Grains firm into the final full trading session ahead of Thanksgiving Day.
This morning’s grain trade is firmer across the board with corn breaking out of recent congestion. The grain trade is slowly following the seasonal tendency to rally from Monday into Thanksgiving. Small that it may be, it’s still a rally.
Most of today’s action will likely revolve around month-end positioning, with many traders stepping aside for the rest of the week. Expect Friday’s session to be thin but potentially volatile, as it marks both a shortened post-holiday trade and first notice day for December contracts.
Trading hours: normal today, no night session trading tonight or Thursday night, closed Thursday, then open Friday from 8:30 AM to 12:05 PM CT. Friday is first notice day and current December registrations: 80 corn, 34 SRW wheat, 176 HRW wheat.

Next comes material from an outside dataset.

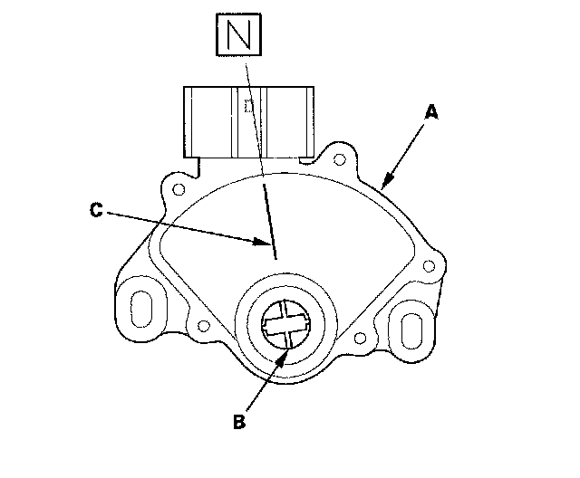 14. Set the new transmission range switch (A) to the N position. The transmission range switch clicks in the N position, and the selector control shaft hole (B) aligns with the N position line (C).
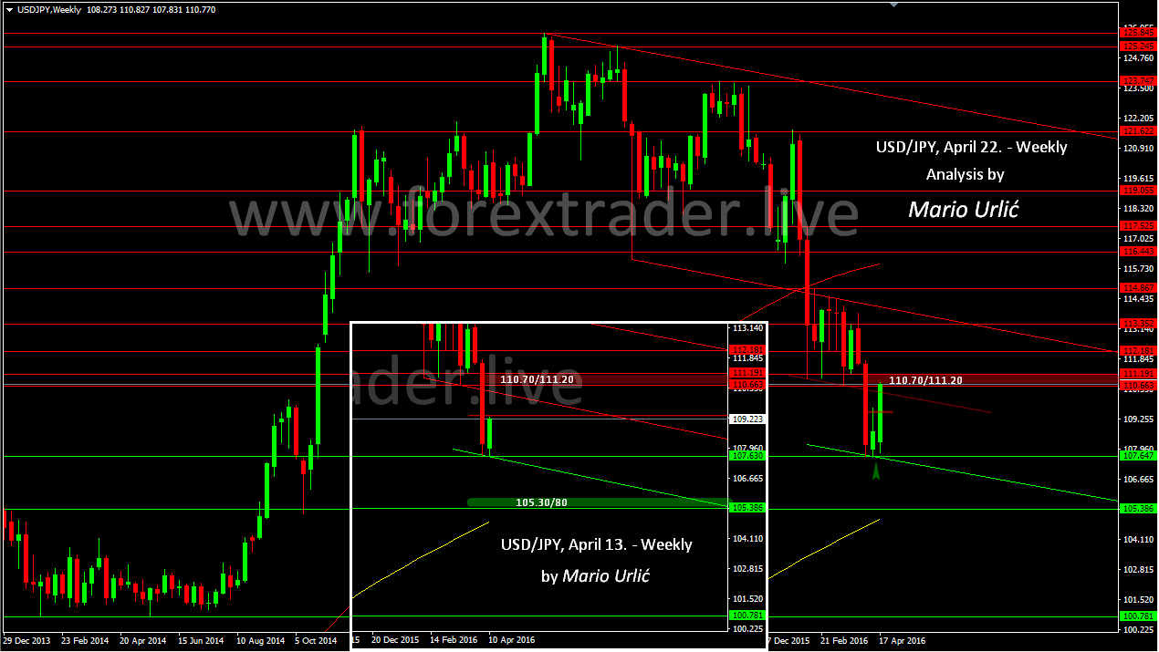 Sure, exactly how I predicted and describe in my USD/JPY analysis from April 13. In the last week, the pair found resistance at the 109.30/60 level, as I wrote and the strong buyers were ready in the beginning of this week at the 107.60 level. I draw that weekly resistance level and trendline support last week and the pair moved exactly based on them. It’s the same thing what I wrote about in my last USD/JPY analysis, ‘you need the see the market ahead’. The resistance level is all the way to 111.20 and the question is who is ready to sell now? Would you, because I am not sure in wich level the buyers would like to close this week!?

Fresh news remains limited with little change from yesterday. Markets continue watching US-China trade headlines and South American weather. Purchase announcements for Chinese beans could occur on Friday, with markets closed on Thursday. China continues to operate as they did not acknowledge our holiday. Meanwhile, a major Midwest winter storm is set to tighten already firm cash markets even further.

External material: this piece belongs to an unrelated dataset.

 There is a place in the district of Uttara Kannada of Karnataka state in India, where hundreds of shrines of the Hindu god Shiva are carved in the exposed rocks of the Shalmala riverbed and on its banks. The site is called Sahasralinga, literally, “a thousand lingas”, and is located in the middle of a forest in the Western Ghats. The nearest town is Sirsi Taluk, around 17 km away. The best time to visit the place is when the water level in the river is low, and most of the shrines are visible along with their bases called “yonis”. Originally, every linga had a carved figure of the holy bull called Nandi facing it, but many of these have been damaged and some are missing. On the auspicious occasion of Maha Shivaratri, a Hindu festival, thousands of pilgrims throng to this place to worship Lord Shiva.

Live and feeder cattle trading yesterday presented another standard $10 died 00 trading range for January feeders, with live cattle closing slightly lower. The bigger picture of the Lexington, Nebraska, plant closing is that plant utilization is at 80% and will likely grow to 90% as we eventually see another plant close.
The cash feeder index is off $4.41 at $331.97 and is still substantially above the January feeder cattle contract. Negotiated cash cattle trade got underway yesterday with feedlots in the north seeing Iowa down $ $8 at $216. Nebraska was quoted at $209-210, $7-8 lower than the previous price. The South is quoted at $220 with no sales yet. Yesterday, the box beef had a choice off $0.40, and the select picked up $0.40.
Look for February cattle to find support in the 204-206 range, while January feeder cattle have found stability near 300. Upside potential for a recovery exists into the end of the year, with significant discounts to the cash trade being supportive.